From this, I learned two things:

1. As I suspected, the SIGFPE is being caused by an integer divide by zero. (The si_code is FPE_INTDIV.)
2. With this hack in place, instead of crashing, the game... "freezes". The interface is responsive, and it seems to believe it's still processing ticks, but creatures stop moving. Days still seem to pass normally, and at random intervals the game "unfreezes" for a few dozen ticks.

Interestingly, if I stop blocking the river (by pulling the northmost lever in Asob's office), fluid flow continues during the "freeze".

The outpost liason is visiting the fort.

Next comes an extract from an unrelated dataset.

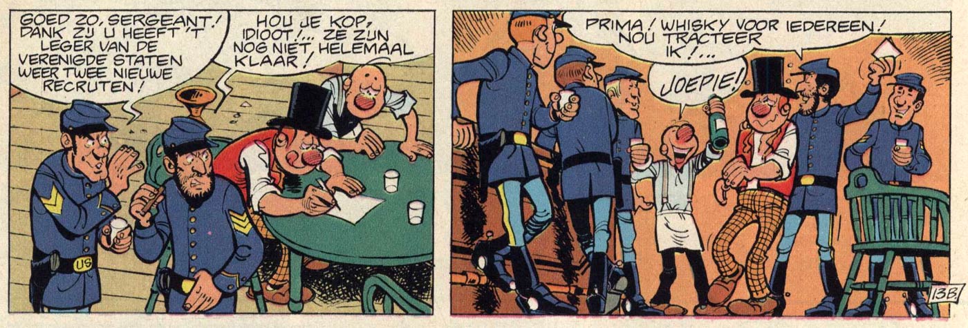 Lambil's rise to the top of the comic industry was preceded by a tragedy. On 23 May 1972, his friend and colleague Louis Salvérius died suddenly from a heart attack. He was only 42. Four years earlier, Salvé and scriptwriter Raoul Cauvin had created their successful comic series 'Les Tuniques Bleues' ("The Bluecoats", 1968- ), about two cavalry soldiers during the U.S. Civil War. The series had been launched to fill the void after René Goscinny and Morris took their famous cowboy comic 'Lucky Luke' from Spirou to Pilote magazine, and quickly managed to become one of Spirou's most popular features in its own right. In Robbedoes, the Dutch-language edition of Spirou, the series appeared under the title 'De Blauwbloezen'.

I suspected he might be the cause of the problem, so I ordered my crummy militia to bludgeon him to death. This didn't prevent the divide by zero from eventually occurring, and _did_ cause a loyalty cascade.

Deleting all of my work orders in the new manager didn't change anything either.

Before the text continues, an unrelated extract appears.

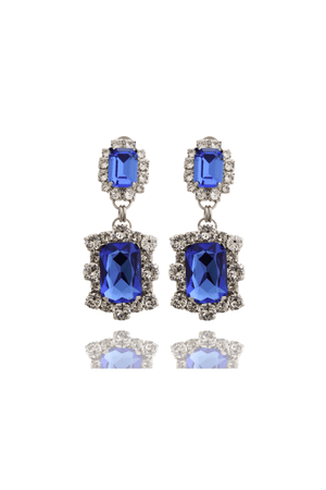 These exquisite earrings feature crystal embellishments in crystal and sapphire tones, creating a captivating display of elegance and sophistication. Crafted with silver plating, they exude a timeless charm.

If I just power through the "freezes", the SIGFPEs eventually stop happening.
(0038154)
lethosor   
2018-04-12 09:22   
(edited on: 2018-04-18 08:54)
Confirmed in vanilla 0.44.09 on OS X.
For what it's worth, it appears to crash consistently at 0x0000000100c966e1 (at least 3 times now), although that's probably not very useful.
This was brought to my attention by https://github.com/DFHack/dfhack/issues/1257 [^] , which may be the same issue as this.

(0038709)
lethosor   
2018-08-08 09:39   
Save from 0.44.12, 0010859: http://dffd.bay12games.com/file.php?id=13950 [^]
(0039194)
risusinf   
2019-02-07 02:19   
(edited on: 2019-02-10 21:36)
Both saves from OP and from the comment above stop crashing after
[DFHACK]# exterminate weasel
which is very similar to 0008410. It says something about zero body size, how do i check that?

Also see 0010253

(0039208)
lethosor   
2019-02-12 12:27   
(edited on: 2019-02-12 12:31)
Highlighting the weasel and running "lua ~unit.body.size_info" in DFHack prints
size_cur               	 = 0
size_base              	 = 1
area_cur               	 = 0
area_base              	 = 1
length_cur             	 = 0
length_base            	 = 21


Killing the weasel with DFHack stops the crash. From running "for _,u in ipairs(world.units.all) do if u.body.size_info.size_cur == 0 then print(u.id) end end" in Lua, this is the only zero-sized unit.

Thanks for investigating! I'll close this as a duplicate of 0008410.